The study clarified that the short-term risk of failure of drug-eluting stents was low and that some patients were not taking clopidogrel long enough. Go says the research informed the US Food and Drug Administration's decision to recommend keeping patients who receive drug-eluting stents on clopidogrel for at least a year after their stent is implanted.
Go currently leads a five-health plan CVRN study looking at the use of the blood thinner warfarin in patients with atrial fibrillation or venous thromboembolic disease. The study seeks to determine the risks of bleeding and blood clot formation associated with taking the drug.
Clinical and Translational Science Awards
Another type of collaboration is demonstrated by the partnership of KPNC and the DOR with the University of California, San Francisco (UCSF) through its Clinical and Translational Science Institute (CTSI). The CTSI is an award from the NIH that aims to strengthen inter-disciplinary research and speed translation across academic research campuses and between academic institutions and their community partners.
As part of the ambitious new effort, the DOR has established the KP CTSI Clinical Research Center.

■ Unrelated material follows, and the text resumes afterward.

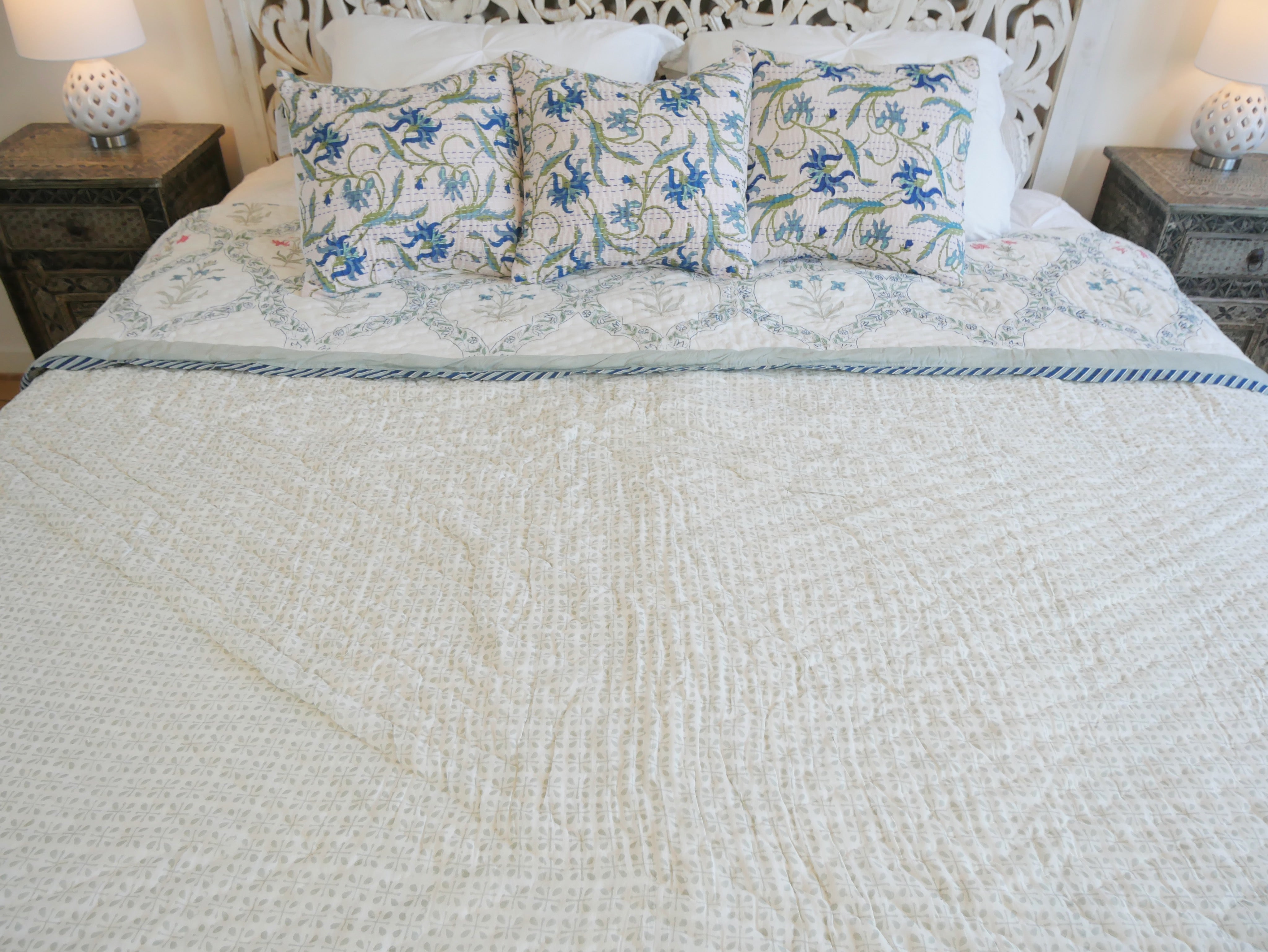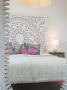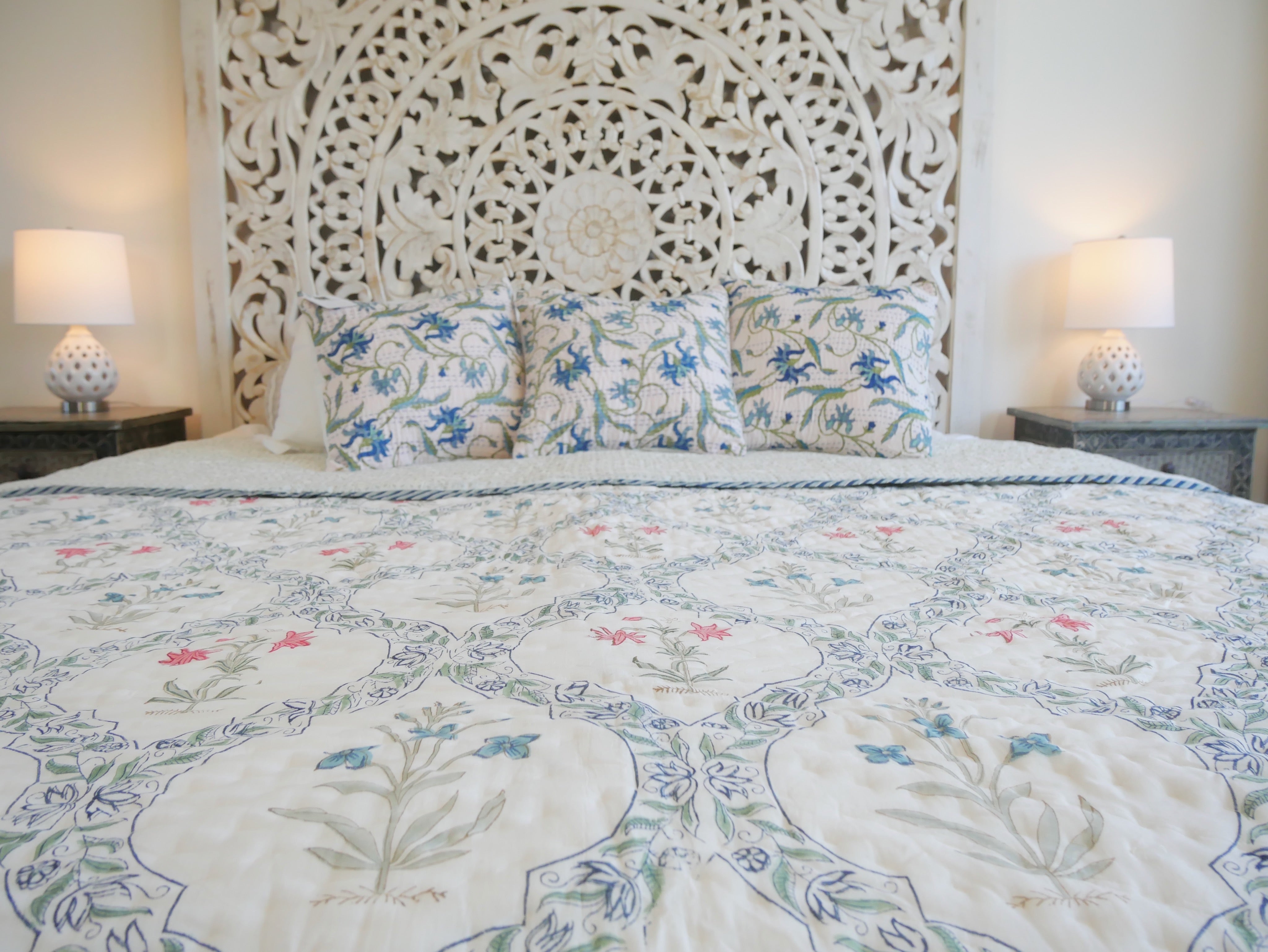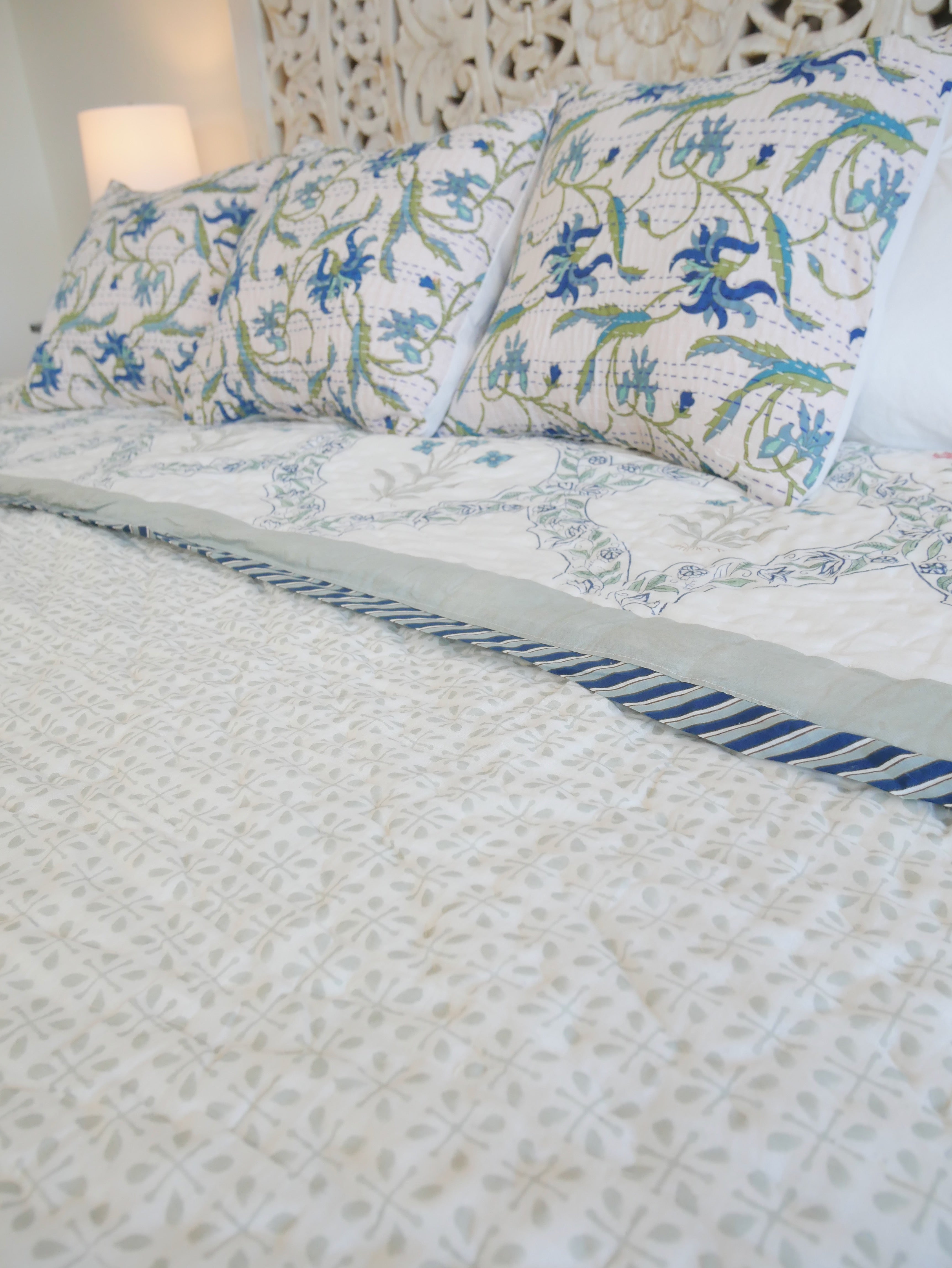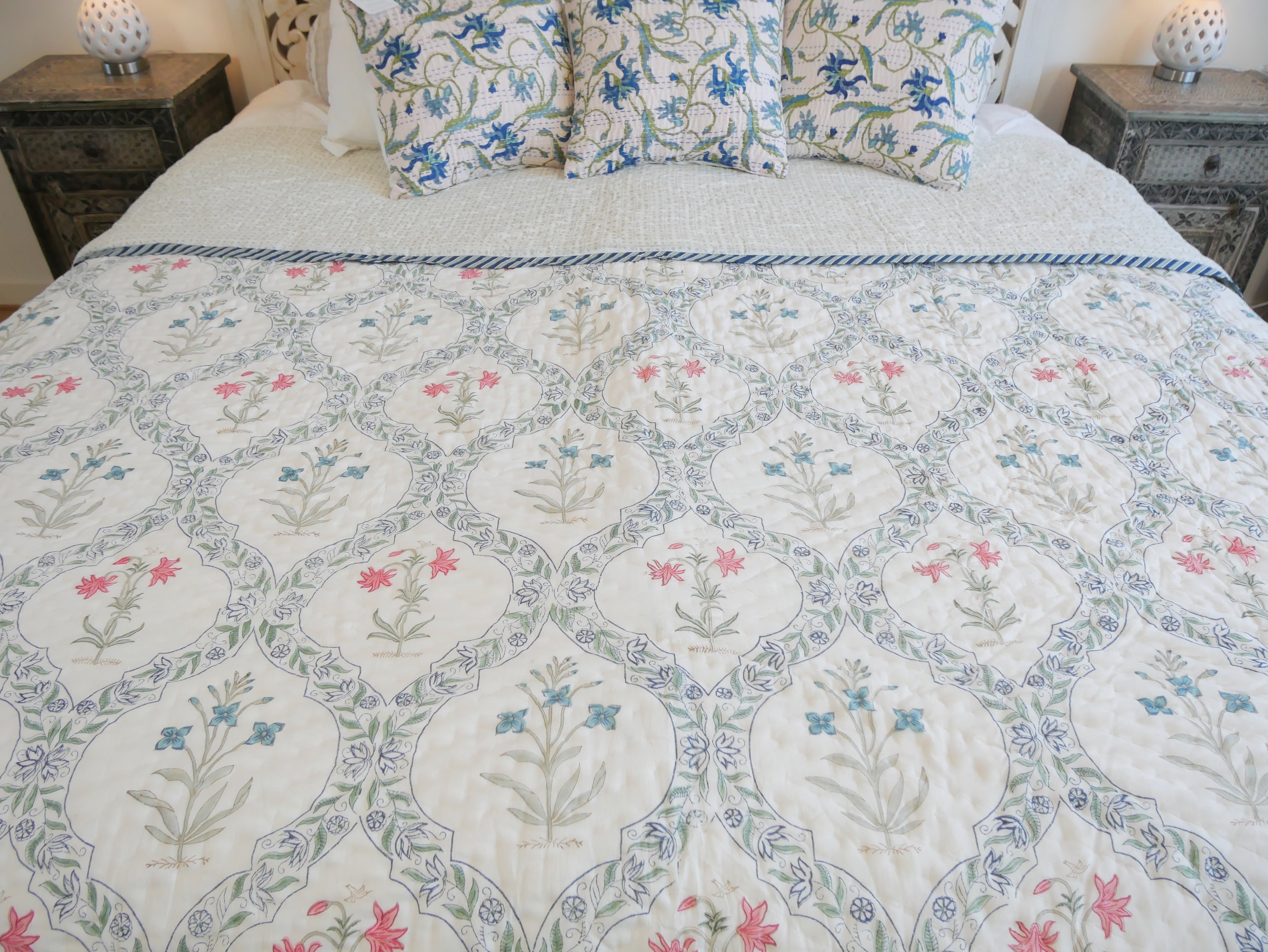 Der Quilt ist aufwendig von beiden Seiten mit verschiedenen Mustern in typischen Designs aus Rajasthan von Hand bedruckt und kann daher wie auf unseren Fotos gezeigt gedreht werden.

The DOR's outpatient clinical research unit has joined with UCSF and other community-based clinical research centers in a network that supports inter-institutional clinical research as well as the training of students, residents, fellows, and faculty in clinical and translational research.
The KP CTSI Clinical Research Center hosts a wide range of collaborative studies on everything from kidney and pulmonary disease to women's health, osteoporosis, and diabetes. Current studies include research pertaining to chronic obstructive pulmonary disease outcomes, type 2 diabetes risk among women with gestational diabetes, and the epidemiology of chronic kidney disease.
Community Engagement
KPNC is also a partner with UCSF in the CTSA Community Engagement Program. Together, the two institutions develop ways to ensure full, two-way exchanges between researchers at the DOR and at UCSF, while also exploring ways to strengthen research partnerships with Bay Area patient groups, schools, community-based organizations, safety net clinics, and other affected community members.
"Multidisciplinary collaboration is the future of medical research."
In one project, a KPNC medical team is working with UCSF scientists to find new ways to increase colorectal screening. In another study, scientists are recruiting families in which two or more siblings have epilepsy for research to identify possible genetic markers for the disease.
"Research benefits if the community is engaged," says Selby. "This means that community members understand and agree with the ethics and logistics of the research, they participate in designing some of the research, and, ideally, they help to determine what research gets done. I think the NIH deserves credit for recognizing the importance of community involvement, and we are proud to be a partner with UCSF in the Community Engagement Program."
Selby concludes, "Multidisciplinary collaboration is the future of medical research. It makes sense and, frankly, it is more exciting, too."